And so, I’d say that’s the big elephant in the room or, or reason number one. When you look at Shore Capital’s historic investment record, I think they’ve proven their ability to go into these fragmented sectors or spaces and in a value added way, acquire strong legacy participants, in our world those would be independent clinical research sites, and invest in them to enable them both locally, but also part of a growing national platform so they can participate nationally in a way that serves the strategic plan or thesis of the particular platform. 

Anderson Williams: It sounds like to me, and correct me if I’m wrong, but it sounds like an added benefit given the fragmentation would be to some degree streamlining access for patients to the clinical trials as well. Is that accurate on the patient side?  

Carsten Bick: So, patient recruitment and access go hand in hand. In fact, PhaseWell Research is dedicated, in fact, it’s our mission to connecting our communities to clinical trials. We like to say that brings hope to patients today and shapes tomorrow’s medicine. And so going back to your question, Anderson. Patient access looks like a couple of different things.  

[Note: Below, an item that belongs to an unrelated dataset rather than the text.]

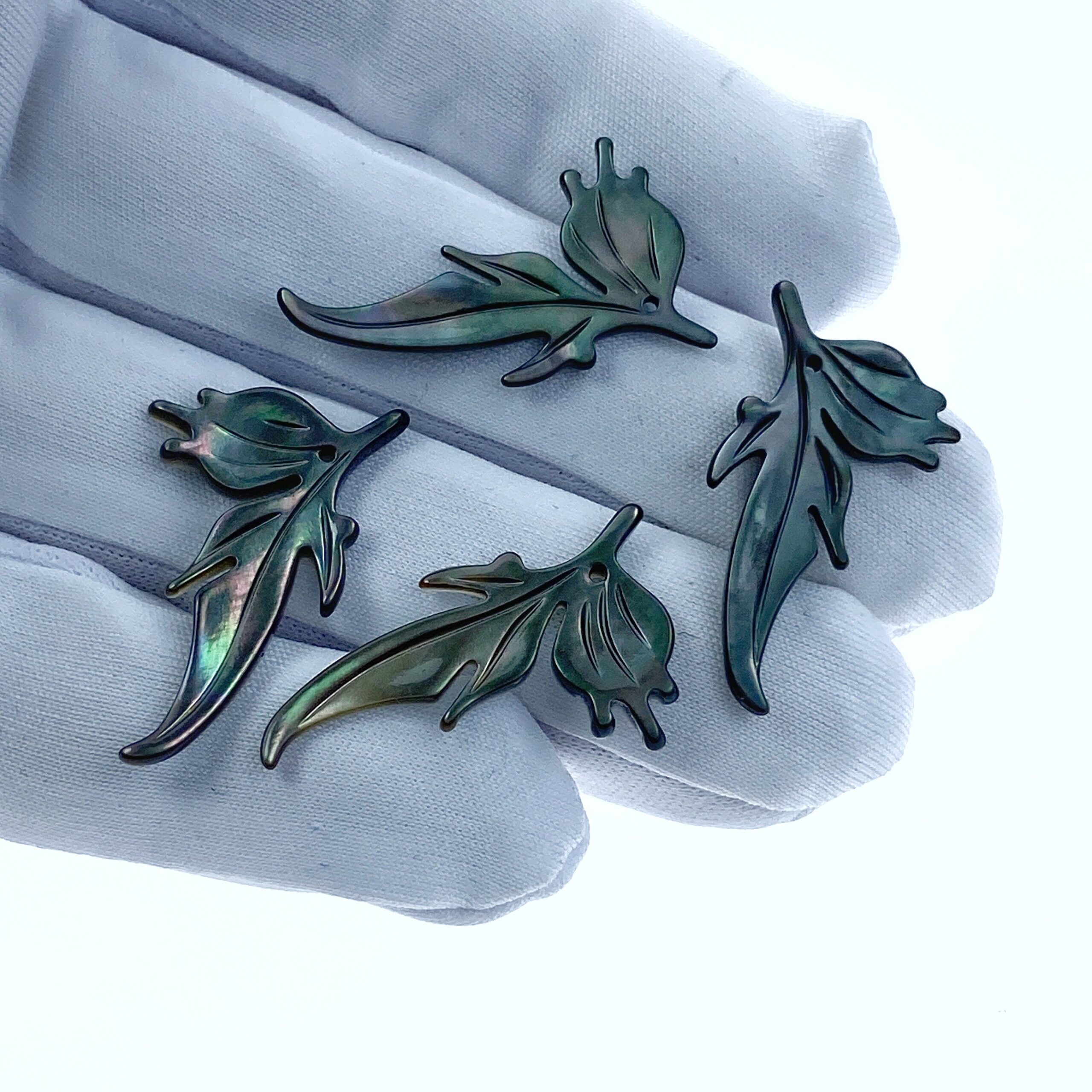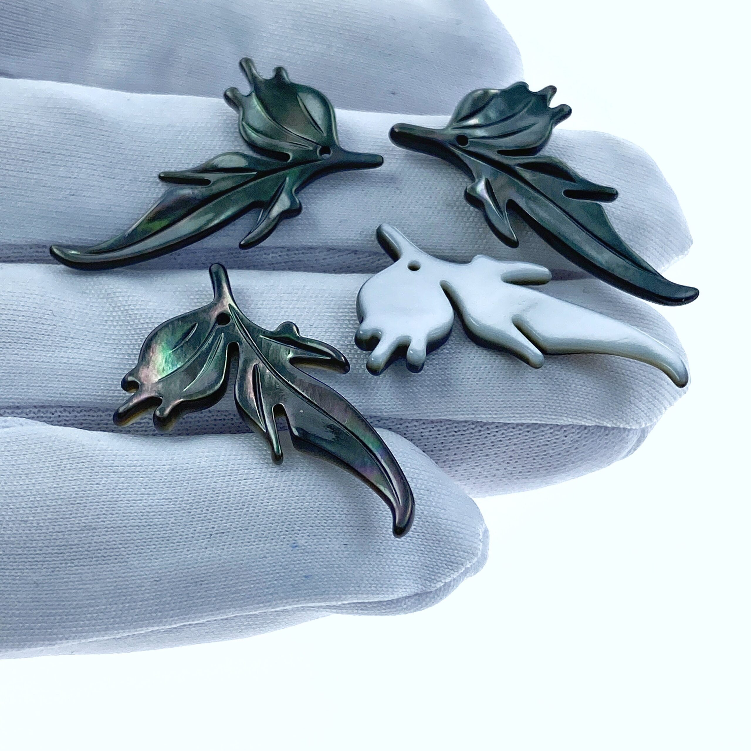 2pc 17mm x 29mm Black Mother of Pearl Hand Carved Leaf Pendants BM-0018

So one, we believe deeply in community access. What that means is it’s a building that is near where you live and work. Getting in and out, while that may sound simple, is actually hugely important. And so, whether it is where we acquire and partner with sites or where we will in the future, potentially build sites, I’d say that’s the first component of access. 

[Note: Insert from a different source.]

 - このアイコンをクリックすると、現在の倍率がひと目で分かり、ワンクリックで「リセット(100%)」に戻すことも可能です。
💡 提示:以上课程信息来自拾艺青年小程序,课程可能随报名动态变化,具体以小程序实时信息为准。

Two, and it’s maybe back to your question on why this is a good time to invest in this particular sector is there’s a tremendous opportunity from a technology perspective to better identify these patients and bring education as a form of access to them. The data point in our industry, and it kind of follows the fragmentation comment I made earlier, is that about 3% of patients and 3% of physicians participate in clinical research today. 

At PhaseWell, we wanna focus in the most complex and impactful TAs. For us, that’s oncology, it’s complex cardiometabolic, and it’s central nervous system, you’ll hear the term CNS. And so, when you look at complex disease states and you have an appreciation of the quality of science coming down that pike. Then the concept of bringing quality research in conjunction with quality standard of care medicine represents better healthcare. We firmly believe that, And so, our investments into technology, AI or otherwise, are squarely focused on finding more of the right patients and educating them on the opportunity that is in front of them. 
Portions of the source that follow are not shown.